One of the unusual things about the microchip space is that many leading companies don’t do the manufacturing themselves. In the past, companies like Intel were both foundries (making the chips) and designers. But the rise of Taiwan Semiconductor Manufacturing Company Limited (TSMC), in particular, has made that approach seem old-fashioned. The technological advancements and investment made by TSMC, itself now the 11th most valuable company in the world, have resulted in major tech firms, including Apple, Nvidia, and AMD, outsourcing their chip manufacturing and focusing instead on the design and related software. Samsung is the world’s second-largest foundry, but it is dwarfed in size by TSMC.

This concentration of power and capital has resulted in outsized gains for Nvidia and TSMC, as well as added to geopolitical risks given China’s regular saber-rattling about Taiwan. A Chinese missile strike on TSMC would not just spark a war with Taiwan but also disrupt the supply of microchips used in supercomputers, the military, and even the Nintendo Switch, which are all made there.

Near the end of the book, the author tries to draw out of Huang some predictions on the possible negative outcomes of AI advancement. Huang replies, “Well, ask yourself, when the marginal cost of doing math goes to zero, then what do you do?’ he said.”
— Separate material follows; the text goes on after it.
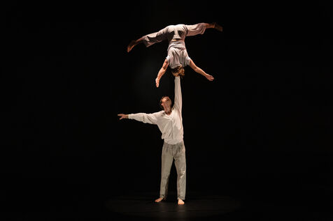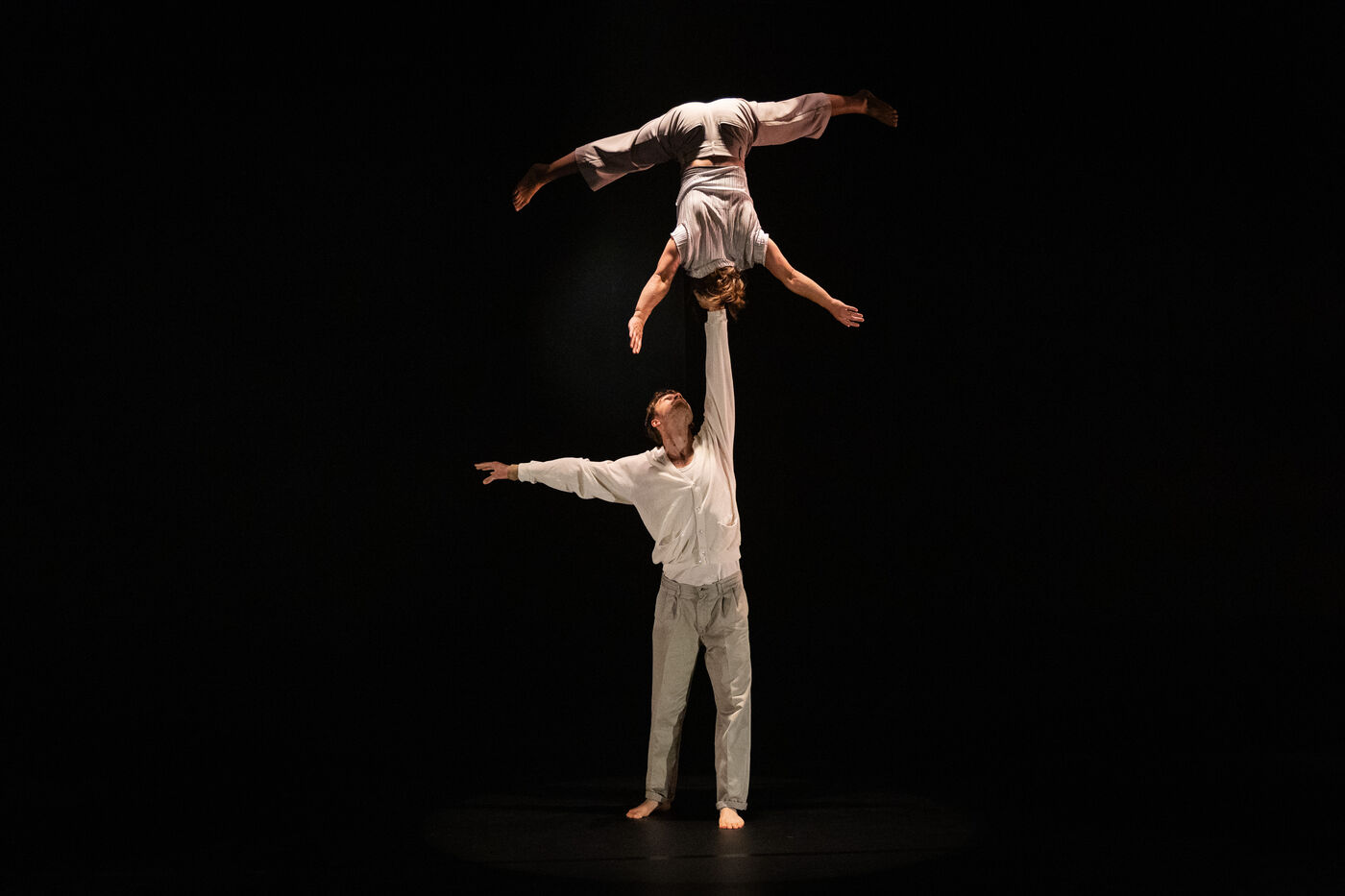 Combining hand-to-hand acrobatics, icarian games, and dance, the two artists challenge the boundaries of gender and power. This sensual and raw face-to-face, at once complicit and confrontational, exposes the mechanisms of the roles we play — and those we choose.

“We invented agriculture and then made the marginal cost of producing food zero. It was good for society! We manufactured electricity at scale, and it caused the marginal cost of chopping down trees, lighting fires, carrying fires and torches around to approximately zero, and we went off to do something else. And then we made the marginal cost of doing calculations–long division! We made it zero!” He was yelling now. “We make the marginal cost of things zero, generation after generation after generation, and this exact conversation happens every single time!”

In short, whatever detrimental side effects arise out of AI’s growth are not Nvidia’s or Huang’s direct concern.

Personally, I found the book to be a very accessible look at the microchip industry in general and Nvidia in particular. There are occasional deep dives into technical descriptions that might cause non-technical readers’ eyes to glaze over. Still, for someone like me, I found it refreshing that the author delved into the underlying technological advancements that spurred this innovation.